I was lucky enough to get to go back home to California for two weeks during the winter holidays.

Christmas à la plage.

I made sure to only put really light weight objects on my x-mas wish list and asked my parents to not gift me anything too heavy, as I was hoping to use the return flight as an opportunity to bring more of my belongings to France.

As luck would have it, the gifts that I brought to CA with me far outweighed the gifts I received (why are wine bottles so freaking heavy?), and left me with some space to bring back beloved objects that up till now were residing in my parents’ garage.

I brought back some old journals, some clothes, my Ewok stuffed animal, and a ridiculous amount of DVDs.

Since the first time I moved to France, I’ve been treating my parents’ house like a Blockbuster. I have a CD case holder that I fill up with DVDs that I then I change out every time I go home.

My Ewok, books, and movie rental hardware.

This year, however, I got some DVDs for Christmas that I didn’t necessarily want to take up space in my special DVD trading case; I decided to take my French film DVDs back to France to share them with the French boyfriend; and I also wanted to borrow my Dad’s DVDs of the original Star Wars films as it’d been too long since I’d seen them and scandalously, the French boyfriend hasn’t seem them since he was a child.

All in all, I brought back a lot of DVDs and left some other treasured objects behind.

Now it’s important to note that Europe and North America are in different zones for DVDs. This means that a DVD made for viewing in America is considered a “zone 1” DVD, and can only be played by North American “zone 1” DVD players*. France, along with the rest of Europe, is in “zone 2.”

This has never been a problem as my computer is from America, and therefore plays zone 1 DVDs. For French DVDs, we use French boyfriend's French computer. Everything works out dandily.

Except that as soon as I got back to France, my laptop’s DVD drive stopped working.

So much for that.

*Apparently DVD players exist now-a-days that can play both zones, but unemployed me is a little too tight on money to purchase one. Also, I’m not sure I believe them.

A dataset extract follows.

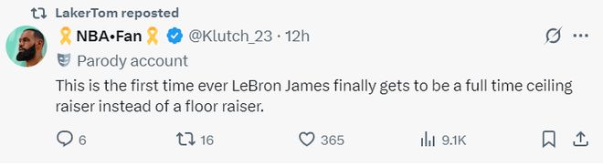 詹姆斯首次能够真正成为一名全职提升球队上限的球员,而非继续为一支球队托底的球员。(他的意思就说明了,勒布朗不会成为湖人的拖累,詹姆斯会决定这支球队的上限)

  1. I used to do the same thing with my DVDs. Then, a few years ago, I was so so sure that I would be returning home at the end of the school year that I took 50lbs worth of stuff home (including my DVDs) for Christmas. And then, well, I came back to France and decided I didn't want to go back home. I don't know why I never brought DVDs back on any of my trips since then! And now, I currently have no way to play them anymore.

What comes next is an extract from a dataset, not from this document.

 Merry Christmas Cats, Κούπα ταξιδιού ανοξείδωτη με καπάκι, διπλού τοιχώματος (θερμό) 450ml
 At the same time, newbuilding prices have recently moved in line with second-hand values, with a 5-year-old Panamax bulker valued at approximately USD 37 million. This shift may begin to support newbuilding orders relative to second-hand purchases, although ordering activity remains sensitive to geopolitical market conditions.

  2. No chance of picking uip a chapo French DVD player at a brocante? Had same probs with my original slaptop at start, but it committed Hari Kiri, working between two systems and languages, and now on a French AZERTY portable.

    1. A cheapo French DVD player can't play my American DVDs unfortunately :( But thanks for the idea anyway!

  3. Ok, so you need to hack your dvd player. It's not as drastic as it sounds. Just find a dvd player that you want to buy and the ask Google if there is a hack for that model to make it multi-region. Usually this just involves pressing a sequence of numbers on the remote. Then voila you can play dvd's from both regions. I lIve in UK and have done this for 2 cheap dvd players. Beware though, it doesn't work on every dvd player so google the model before you buy. Love your blog x

    1. Thanks for your advice and thanks for reading!